Ever heard of ChatGPT?
tricky with only four dimentions, but I’d use a Grathenbour’s loop with a transverse Z axis movement if gimbal locks are ignored, naturally.
How does this compare in efficiency to casting Xagyg’s Planar Binding and simply using a standard verity geas to question a daemon from one of the higher hypergeometric dimensions?

Be glad you got the shitty interview instead of getting ghosted
Isn’t a cube by definition a 3 dimensional object? If it were 4 dimensional, it would no longer be a cube.
Its a generalisation. A 4d cube is a shape that has the same length in all 4 dimensions. You can also talk of 5d cubes, 6d cubes, etc. These are commonly called n-cubes: a 4-cube is a 4d cube.
There are also 4D spheres, even though spheres are definitionally 3D. They are called n-spheres.
robot voice:
how many 'd' is <USER_MATERNAL_PROGENITOR> a...cube...within? Ha ha. Ha ha.
Wait, isn’t this trivial?
If we’re talking about “faces” as in the cubic faces of a tesseract then each of the 8 faces are connected to all other faces except the opposite face. So just spiral around from your starting face (keeping the faces you’ve visited on the inside of the spiral) and you’re fine.
If you mean 2D faces connecting the 3D ones, then things get more difficult but not that much because you can do the exact same thing. Choose a 1D edge as your origin, pick a face touching that edge to start with, traverse that edge twice to get the next two faces. Then traverse three faces which share edges with those faces you already traversed (there are 6 faces with this property, 3 for each vertex of our origin edge, the set you pick determines the “direction” of your overall progress through/around the tesseract). Repeat that step again but for the faces that share edges with two of the three you just did. Repeat again and again and again until the last three faces share a vertex with the origin edge you started with. You’re done.
Am I missing something? Did the prompt mean to say you can only traverse each edge once?
Edit: the 2D face path I described would miss 6 faces. Those six faces should be traversed in the middle, so do the first three faces, the second three, then all six which touch both those three you just traversed and the three you would have done next on the original path. Then do the rest just like I originally mentioned.
I understood some of those words.
But the sentences continue to elude me
Have you ever seen one of those images of a tesseract where it’s like a cube in a cube? (You can just look up “tesseract” to find an image)
Now, pick one of the corners of the outer cube and find the line that connects it to a corner of the inner cube.

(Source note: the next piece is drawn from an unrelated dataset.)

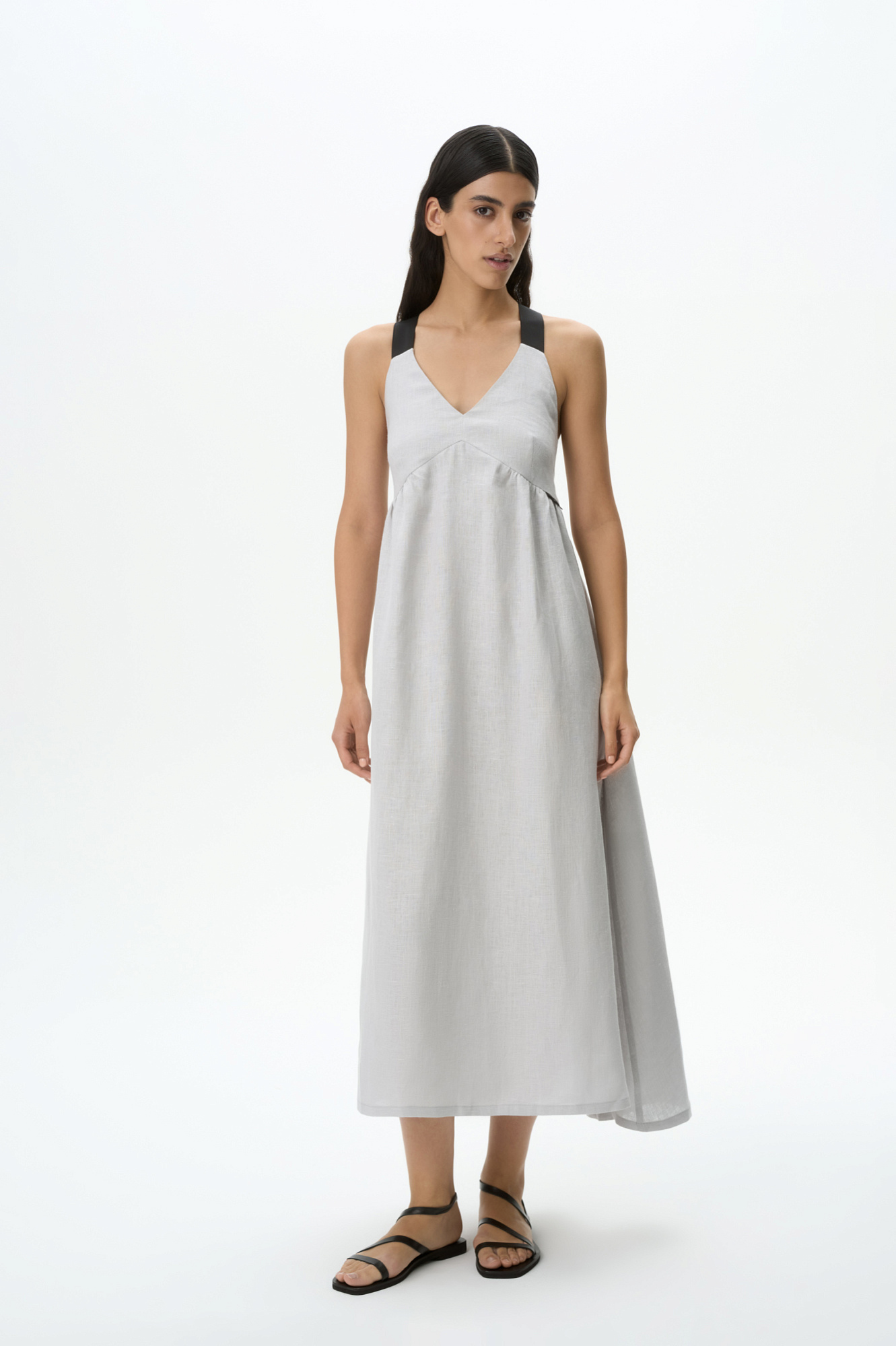 Сарафан из 100% льна длины макси. Модель прямого кроя с акцентным лифом, юбкой А-силуэта и широкими бретелями-лентами контрастного цвета. Вырез на спине.

That’s our origin “edge” and we’re basically just going to move in through the cube along that direction.
There are three “faces” which share that “edge” (line). We do those ones first.
Then we move deeper in and do the three faces of the inner cube which share the corner our origin line connects to.
Then we have to zig zag around the six “faces” that exist between inner and outer cubes which are roughly perpendicular to our origin edge. (Imagine you broke the tesseract in half by cutting halfway between your starting corner and the corner opposite it. The “faces” we need to traverse would intersect that plane)
After that, we do the three faces on the far side of the smaller cube. (The ones opposite our starting corner)
Then we do the three around the line which connects that far corner of the inner cube to the outer cube.
Then we do the three faces on the outside of the large cube at that corner.
Finally we do the three faces on the outside of the cube around our starting corner.